The Breakfast Game
- Kitchen Game
- Apr 13, 2022
- 2 min read

Last week I promised I’d tell you about my favorite thing to do with poached eggs. Here it is, from the bottom up: two slices of sourdough bread browned in a pan with olive oil, red pepper flakes and a splash of balsamic to finish; then some of those cherry tomatoes—guaranteed to be flavorful, even in winter, because of the square-cube law and sliced in half with Brad’s trick—broken down in a pan with garlic, salt, pepper, and a little white wine; then avocado slices drizzled with lime juice and sprinkled with salt; and finally, two poached eggs, made with Hannah’s horse-without-a-saddle technique.
After we discussed the how-to-cook of poached eggs, I asked Hannah about the how-to-eat of them. What did she like to do with them? She told me that a poached egg with (uncooked) cherry tomatoes, sliced avocado and sourdough toast had become her quick pre-work breakfast a few years ago.
I was intrigued and set out to make the breakfast myself, but I knew I’d be changing a few things because, you see, I’m a maximalist. It’s not a trait of mine I necessarily admire.

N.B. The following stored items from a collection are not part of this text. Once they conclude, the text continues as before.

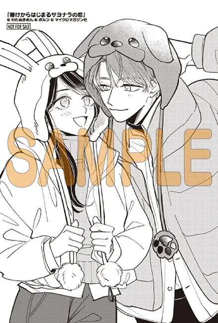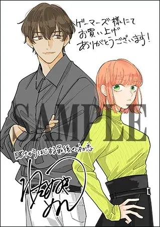 配布される特典は描き下ろしイラストカード(非売品・1種、両面印刷)です。カードには前作『サヨナラの恋』の二人と、新作『最後の初恋』の主人公となる二人が描き下ろされており、両作品のキャラクター同士の対比ややり取りの違いが楽しめる仕様になっています。
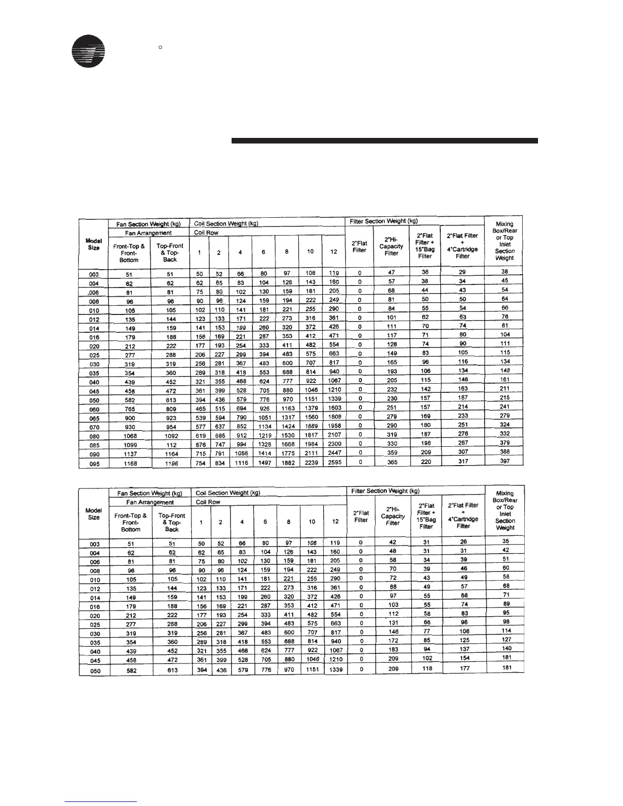 Fan + Coil + Filter and Mixing Sections (without motor weight)
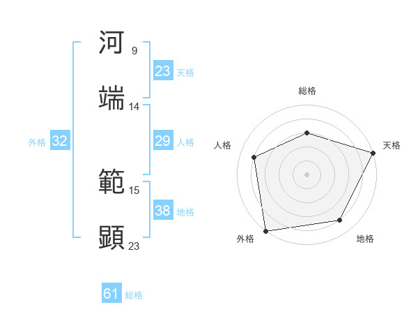 河端 範顕さんの総格は61画の3点!
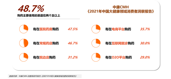 随着标外市场发展,患者多元化购药,标外全渠道共振时代来临。中康CMH-消费者研究报告《2021年中国大健康领域消费者洞察报告》显示,购药主要使用的渠道在两个及以上的人群已经高达48.7%,包括医院药房、常规药房、院边店、电商平台、互联网就诊、O2O平台都占到了不低的比例。如有在互联网就诊购药的人群占到30%,有在电商平台购药的人群占到35.7%等等,这些都是值得我们去重点关注的新形态。
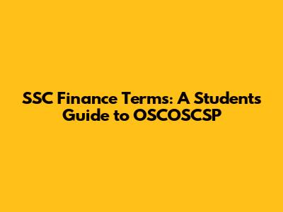 Decoding OSCOSCSP and Finance Terminology
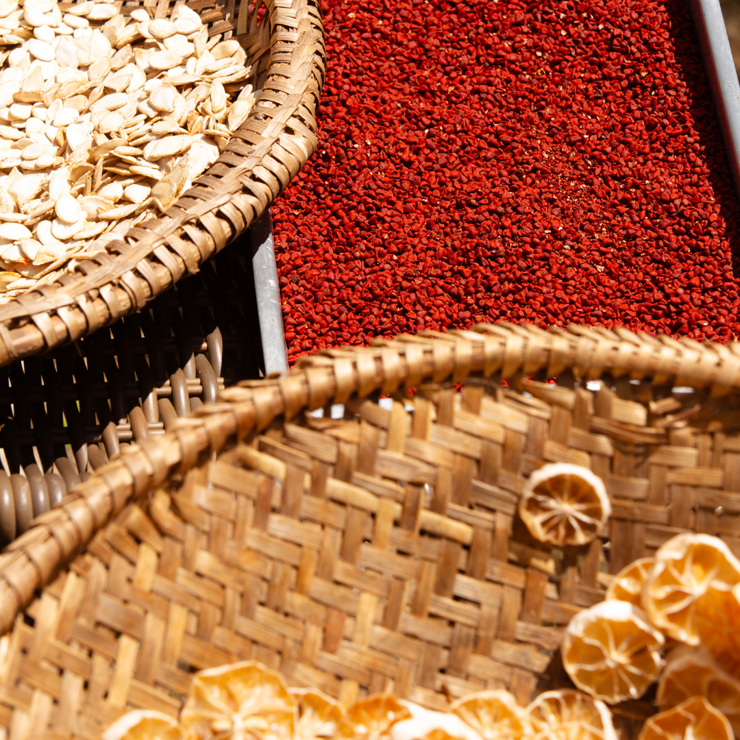 Pink tones express love, affection and closeness. Ours come from the powerful Crajirú, also known as Pariri, an anti-carcinogenic medicinal plant that heals from the inside out and from the outside in.
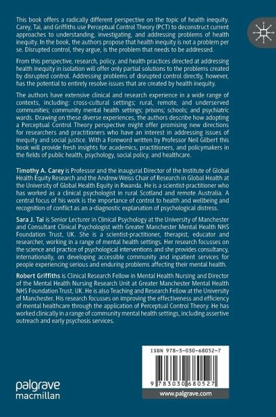 This book offers a radically different perspective on the topic of health inequity. Carey, Tai, and Griffiths use Perceptual Control Theory (PCT) to deconstruct current approaches to understanding, investigating, and addressing problems of health inequity. In the book, the authors propose that health inequity is not a problem per se. Disrupted control, they argue, is the problem that needs to be addressed.
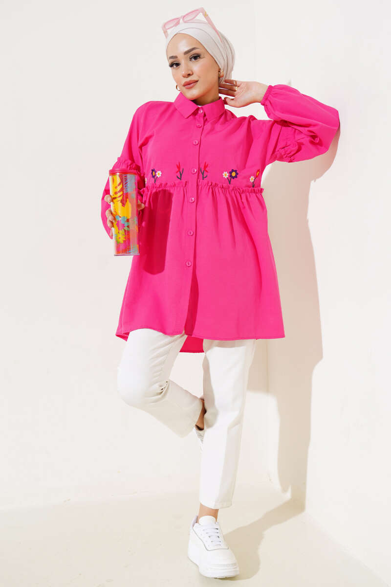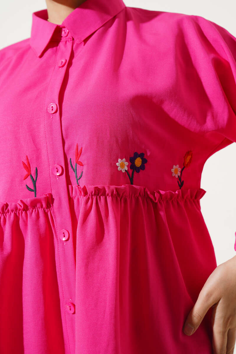Pileli Çiçek Nakışlı Gömlek Fuşya
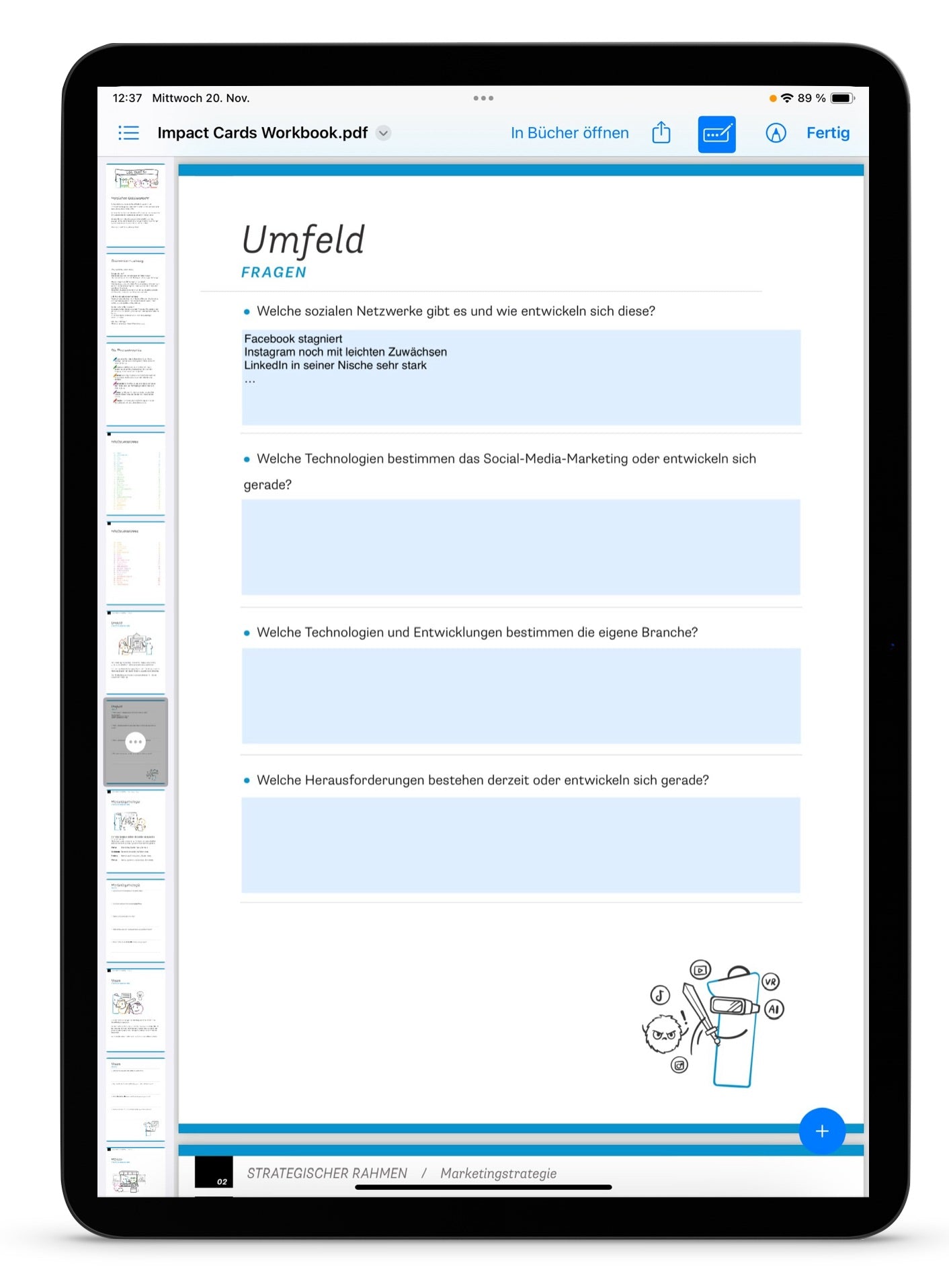 Mit den interaktiven Freitextfeldern kannst du deine Antworten direkt im Workbook festhalten und sicher speichern. Ob alleine oder im Team: Die Frageseiten bieten dir eine flexible und fundierte Grundlage, um Schritt für Schritt eine durchdachte Strategie zu entwickeln – individuell, praxisnah und in deinem eigenen Tempo.
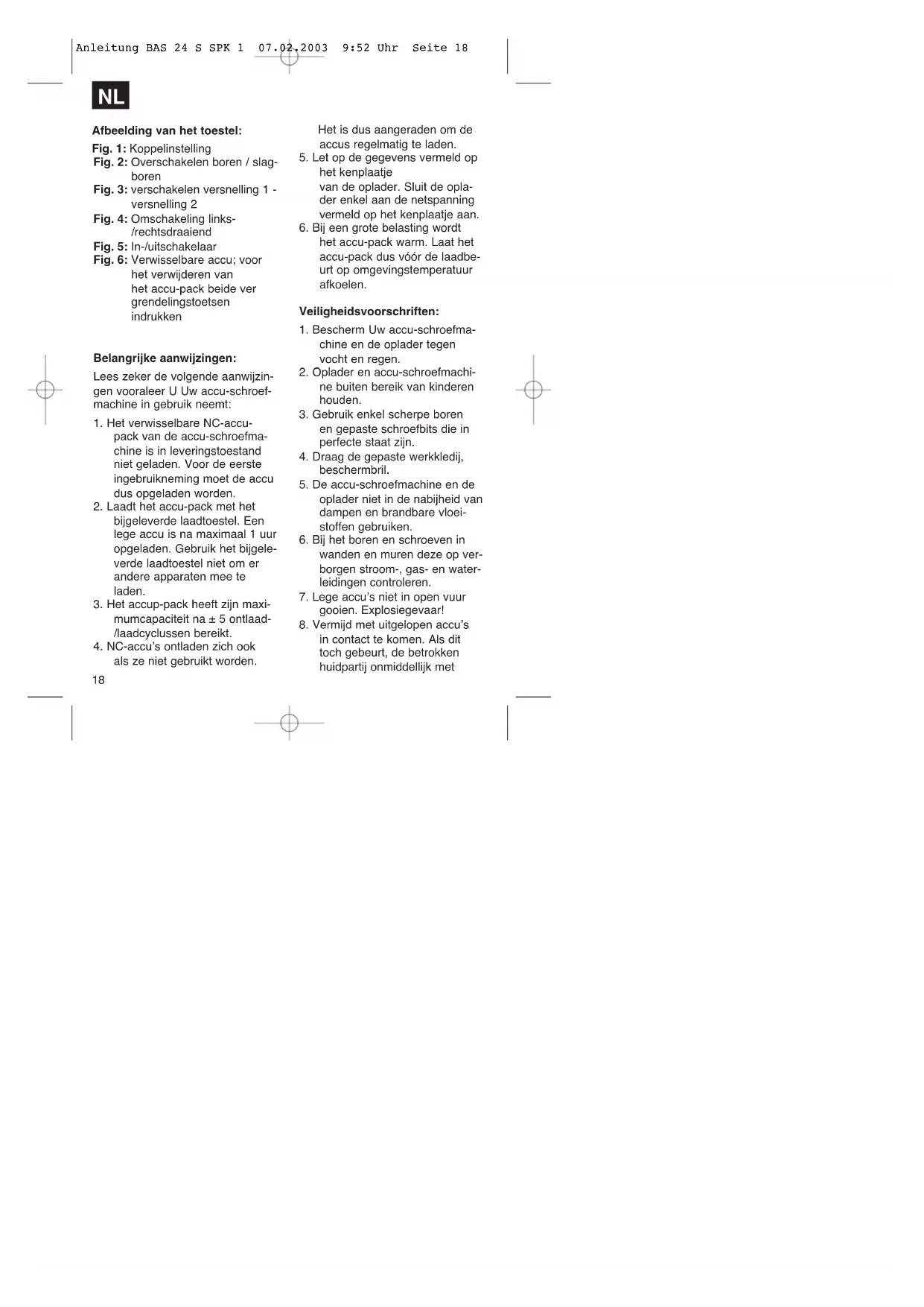Anleitung BAS 24 S SPK 1 07.02.2003 9:52 Uhr Seite 1718 Afbeelding van het toestel: Fig. 1: Koppelinstelling Fig. 2: Overschakelen boren / slag- boren Fig. 3: verschakelen versnelling 1 - versnelling 2 Fig. 4: Omschakeling links- /rechtsdraaiend Fig. 5: In-/uitschakelaar Fig. 6: Verwisselbare accu; voor het verwijderen van het accu-pack beide ver grendelingstoetsen indrukken Belangrijke aanwijzingen: Lees zeker de volgende aanwijzin- gen vooraleer U Uw accu-schroef- machine in gebruik neemt:
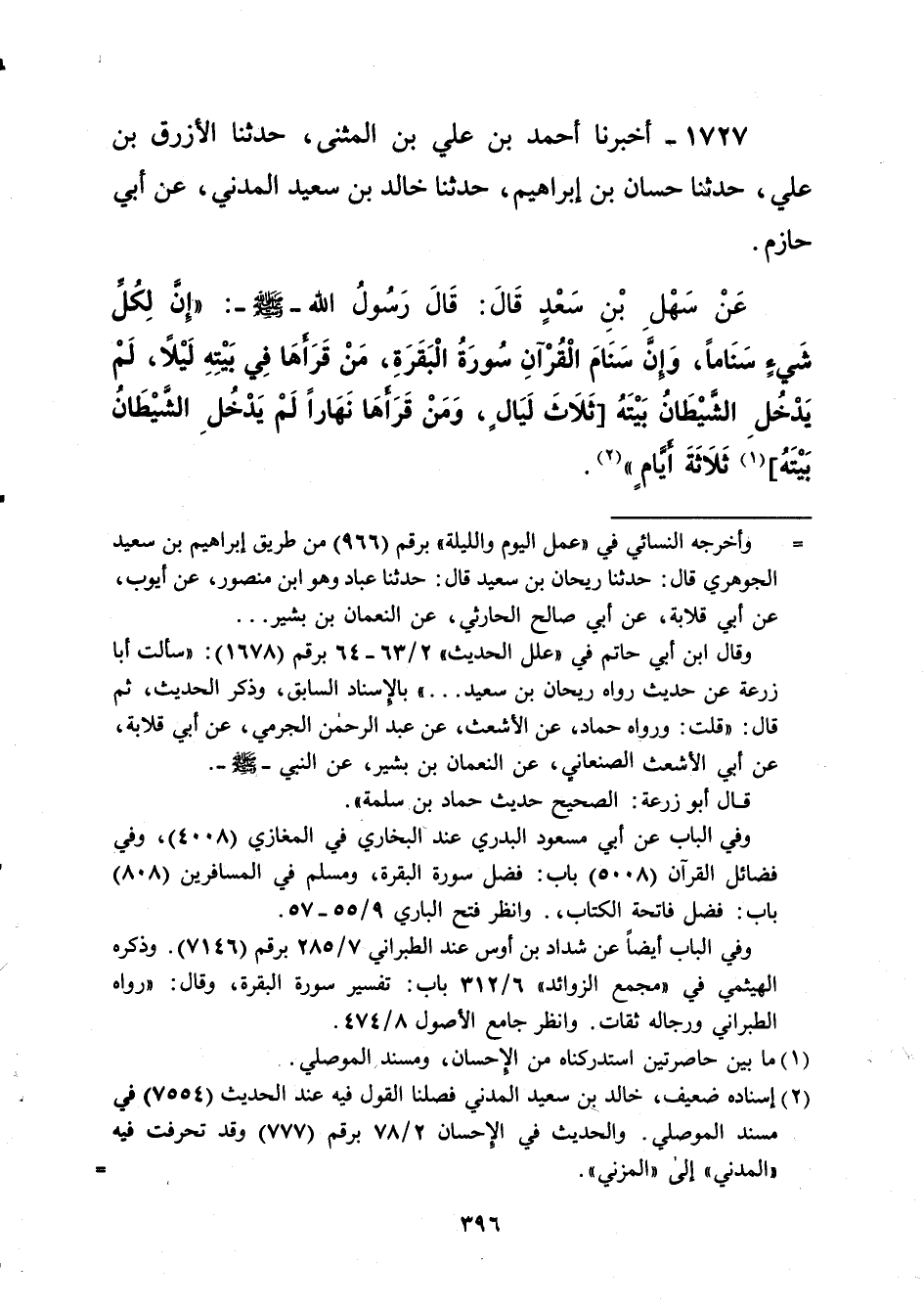 1727 - أخبرنا أحمد بن علي بن المثنى، حدثنا الأزرق بن علي، حدثنا حسان بن إبراهيم، حدثنا خالد بن سعيد المدني، عن أبي حازم. عَنْ سَهْلِ بْنِ سَعْدٍ قَالَ: قَالَ رَسُولُ الله -صلى الله عليه وسلم-:" إنَّ لِكُلِّ شَيءٍ سَنَاماً، وَإنَّ سَنَامَ الْقُرْآنِ سُورَةُ الْبَقَرَةِ، مَنْ قَرَأهَا فِي بَيْتِهِ لَيْلاً، لَمْ يَدْخُلِ الشيْطَانُ بَيْتَهُ [ثَلاثَ لَيَالٍ، وَمَنْ قَرَأهَا نَهَاراً لَمْ يَدْخُلِ الشَّيْطَانُ بَيْتَهُ] (¬1) ثَلاثَةَ أيَّامٍ" (¬2).
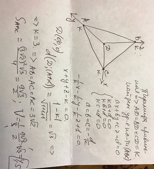 Длина высоты правильной треугольной пирамиды равна sqrt(3), а все плоские углы при вершине пирамиды — прямые. Найдите объём пирамиды.
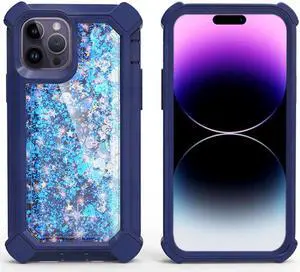 Military Grade Quicksand Glitter Waterfall Hybrid Case for iPhone 14 Pro - Blue

I’m always impressed by meals with just a few ingredients that still manage to feel complex and well balanced. But when I cook, I like to push things as far as they can go. Basically, I love cooking, playing the game, and so the more ingredients I add or steps in a recipe, the more I experiment, the more I get to play. I feel like I hardly cook the same meal twice. If I do everything the same, if I don’t experiment, if I’m not taking a risk and learning, then what’s the point of cooking?
Of course I don’t want the product to suffer at the expense of the process, so I have to exercise restraint. But here’s what works about my process: when I do get a recipe just right, when a meal becomes more than the sum of its parts and all its ingredients work together, I recognize it and—somewhat grudgingly, I admit—I stop tinkering. My love of the process and of experimentation puts a great pressure on the results. A meal has to be really good, truly synergistic for me to stop experimenting. The bar is high. And the breakfast I adapted from Hannah clears that bar with ease.